SLATEC Routines --- ZBESH ---
*DECK ZBESH
SUBROUTINE ZBESH (ZR, ZI, FNU, KODE, M, N, CYR, CYI, NZ, IERR)
C***BEGIN PROLOGUE ZBESH
C***PURPOSE Compute a sequence of the Hankel functions H(m,a,z)
C for superscript m=1 or 2, real nonnegative orders a=b,
C b+1,... where b>0, and nonzero complex argument z. A
C scaling option is available to help avoid overflow.
C***LIBRARY SLATEC
C***CATEGORY C10A4
C***TYPE COMPLEX (CBESH-C, ZBESH-C)
C***KEYWORDS BESSEL FUNCTIONS OF COMPLEX ARGUMENT,
C BESSEL FUNCTIONS OF THE THIRD KIND, H BESSEL FUNCTIONS,
C HANKEL FUNCTIONS
C***AUTHOR Amos, D. E., (SNL)
C***DESCRIPTION
C
C ***A DOUBLE PRECISION ROUTINE***
C On KODE=1, ZBESH computes an N member sequence of complex
C Hankel (Bessel) functions CY(L)=H(M,FNU+L-1,Z) for super-
C script M=1 or 2, real nonnegative orders FNU+L-1, L=1,...,
C N, and complex nonzero Z in the cut plane -piCBESH returns the scaled
C functions
C
C CY(L) = H(M,FNU+L-1,Z)*exp(-(3-2*M)*Z*i), i**2=-1
C
C which removes the exponential behavior in both the upper
C and lower half planes.
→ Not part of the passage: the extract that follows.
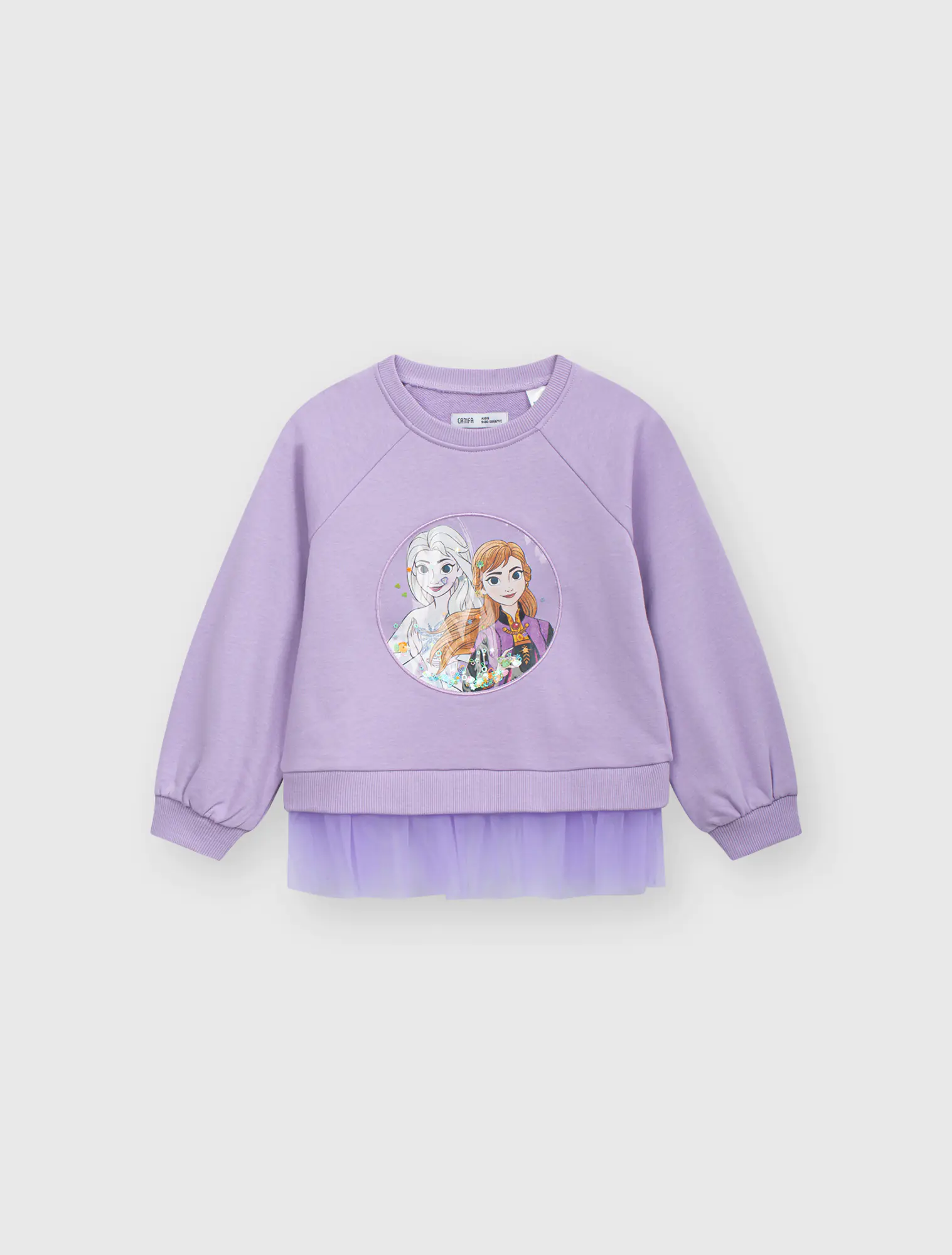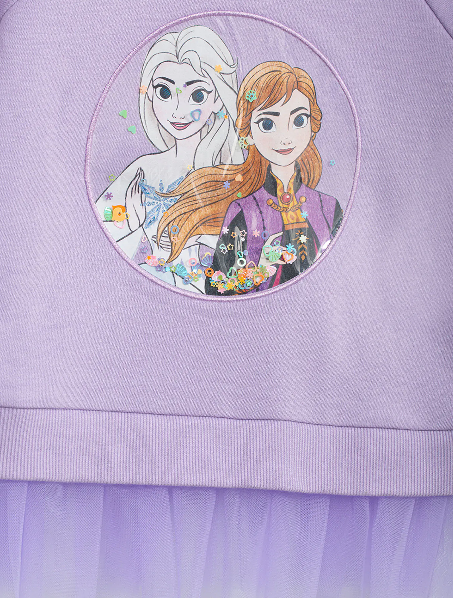 Áo nỉ bé gái in hình Elsa & Anna. Có lớp lưới dưới gấu phù hợp với các bé điệu đà, nữ tính.

Definitions and notation are found
C in the NBS Handbook of Mathematical Functions (Ref. 1).
C
C Input
C ZR - DOUBLE PRECISION real part of nonzero argument Z
C ZI - DOUBLE PRECISION imag part of nonzero argument Z
C FNU - DOUBLE PRECISION initial order, FNU>=0
C KODE - A parameter to indicate the scaling option
C KODE=1 returns
C CY(L)=H(M,FNU+L-1,Z), L=1,...,N
C =2 returns
C CY(L)=H(M,FNU+L-1,Z)*exp(-(3-2M)*Z*i),
C L=1,...,N
C M - Superscript of Hankel function, M=1 or 2
C N - Number of terms in the sequence, N>=1
C
C Output
C CYR - DOUBLE PRECISION real part of result vector
C CYI - DOUBLE PRECISION imag part of result vector
C NZ - Number of underflows set to zero
C NZ=0 Normal return
C NZ>0 CY(L)=0 for NZ values of L (if M=1 and
C Im(Z)>0 or if M=2 and Im(Z)<0, then
C CY(L)=0 for L=1,...,NZ; in the com-
C plementary half planes, the underflows
C may not be in an uninterrupted sequence)
C IERR - Error flag
C IERR=0 Normal return - COMPUTATION COMPLETED
C IERR=1 Input error - NO COMPUTATION
C IERR=2 Overflow - NO COMPUTATION
C (abs(Z) too small and/or FNU+N-1
C too large)
C IERR=3 Precision warning - COMPUTATION COMPLETED
C (Result has half precision or less
C because abs(Z) or FNU+N-1 is large)
C IERR=4 Precision error - NO COMPUTATION
C (Result has no precision because
C abs(Z) or FNU+N-1 is too large)
C IERR=5 Algorithmic error - NO COMPUTATION
C (Termination condition not met)
C
C *Long Description:
C
C The computation is carried out by the formula
C
C H(m,a,z) = (1/t)*exp(-a*t)*K(a,z*exp(-t))
C t = (3-2*m)*i*pi/2
C
C where the K Bessel function is computed as described in the
C prologue to CBESK.
C
C Exponential decay of H(m,a,z) occurs in the upper half z
C plane for m=1 and the lower half z plane for m=2. Exponential
C growth occurs in the complementary half planes. Scaling
C by exp(-(3-2*m)*z*i) removes the exponential behavior in the
C whole z plane as z goes to infinity.
C
C For negative orders, the formula
C
C H(m,-a,z) = H(m,a,z)*exp((3-2*m)*a*pi*i)
C
C can be used.
C
C In most complex variable computation, one must evaluate ele-
C mentary functions. When the magnitude of Z or FNU+N-1 is
C large, losses of significance by argument reduction occur.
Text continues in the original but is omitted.